Rehabilitation with implant-retained prostheses is a key step in the rehabilitation of patients after ablative head and neck surgery. Data of patients who underwent mandibular restoration with Astra Tech implants were gathered consecutively and analyzed retrospectively. Implant survival was calculated by Kaplan–Meier analysis, and Cox models were used to identify any association between implant failure and contributing factors. In total, 136 implants were placed in 33 patients. The main reason for ablative surgery was squamous cell carcinoma. Twenty-one patients received adjuvant radiotherapy with a cumulative radiation dose of 56–76 Gy prior to implantation. Failure occurred in six patients, resulting in the loss of 17 implants. The cumulative implant survival rate was 92.7% after 1 year and 87.5% after 20 months. Smoking and alcohol consumption were associated with a significantly higher implant failure rate. Most patients had a stable implant status after 20 months.
Bone and soft tissue reconstruction techniques were developed in the early 20th century. These techniques were later revolutionized following the introduction of microvascular surgery and the subsequent development of vascularized bone grafts. Successful occlusal rehabilitation with an implant-retained prosthesis is a key step in restoring function in the midst of challenges such as poor tissue quality and scarring after radiation and surgery. Despite careful planning, implant survival in such metabolically challenged conditions is deemed to be less successful than in normal tissues. The Astra Tech implant system has favourable attributes, including a semi-rough, fluoride-enhanced surface, a nonaggressive drilling protocol, and a wide array of prosthetic options. These interdependent features together improve aesthetics and enhance the natural healing process. Microthreads allow optimal load distribution and reduce stress around the neck of the implant, leading to marginal bone preservation. The conical connection below the marginal bone level transfers loads deeper into the bone, reducing peak stresses; marginal bone preservation can thereby be achieved.
Long-term implant survival plays a critical role in the quality of life of these patients. The aim of this study was to assess the implant survival rate of this implant type in a serial cohort of patients with head and neck tumours and to identify variables contributing to implant loss.
Materials and methods
Patients who underwent mandibular restoration with Astra Tech implants after ablative head and neck surgery were evaluated retrospectively by analyzing accrued data independent from their underlying disease. The same surgical and prosthodontic team treated all patients between December 2006 and April 2012. The data were gathered consecutively by reviewing files from the study institution and a private practice office.
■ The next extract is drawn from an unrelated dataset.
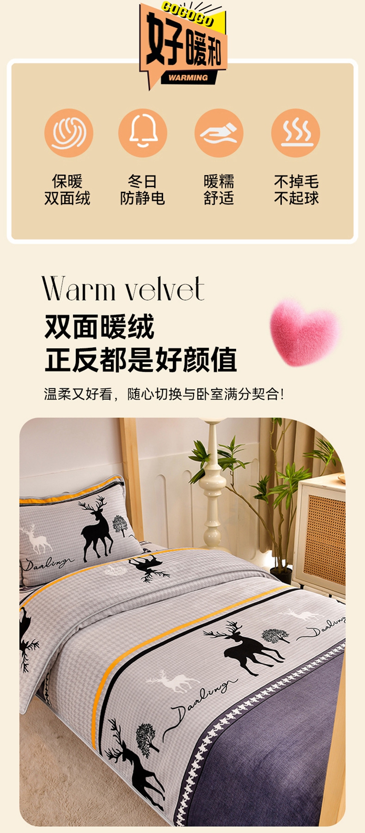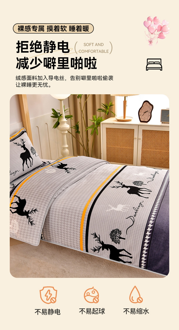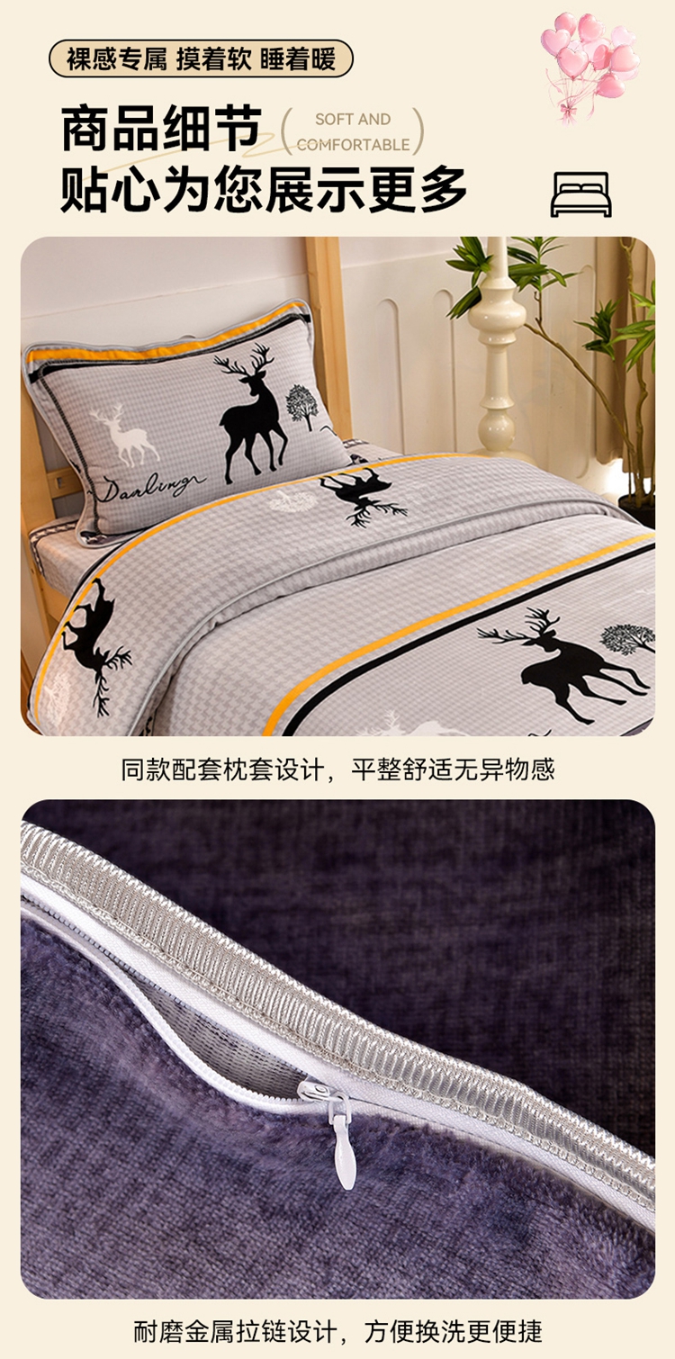 商品名称:馨梦缘2025新款爆款高克重印花牛奶绒法莱绒学生三件套 发财树

Due to limitations in our health insurance system, all implants were placed during a second procedure, at 6 months after the ablative surgery or 12 months after completion of radiotherapy. Implant sites were selected according to the radiation dose planning diagram, clinical evaluation (by minimal exposure of the proposed implant site), and assessment of bone vitality by pilot drilling. The isodose was not available for two patients who underwent three-dimensional conformal radiation therapy (3D-CRT). Therefore, the radiation dose per implant was not included in the survival analysis, which is a limitation of this study. This has also been a limitation in previous studies. All implants were placed in the area of primary radiation or directly adjacent to this area. Implants were placed in a two-stage protocol. Vestibular plasty and epithelialized tissue grafting were performed in all patients in whom implants were placed in free vascularized tissue.
Patients of any age and sex who underwent ablative head and neck surgery and received implants in the native or reconstructed mandible between December 2006 and April 2012 were included in this study. All patients were included independent of additional treatment with adjuvant therapy ( Table 1 ). The protocol for implant surgery and prosthodontic treatment, including dental laboratory steps with the protocol for maintenance after incorporation of the superstructure, was presented to and approved by the regional ethics commission.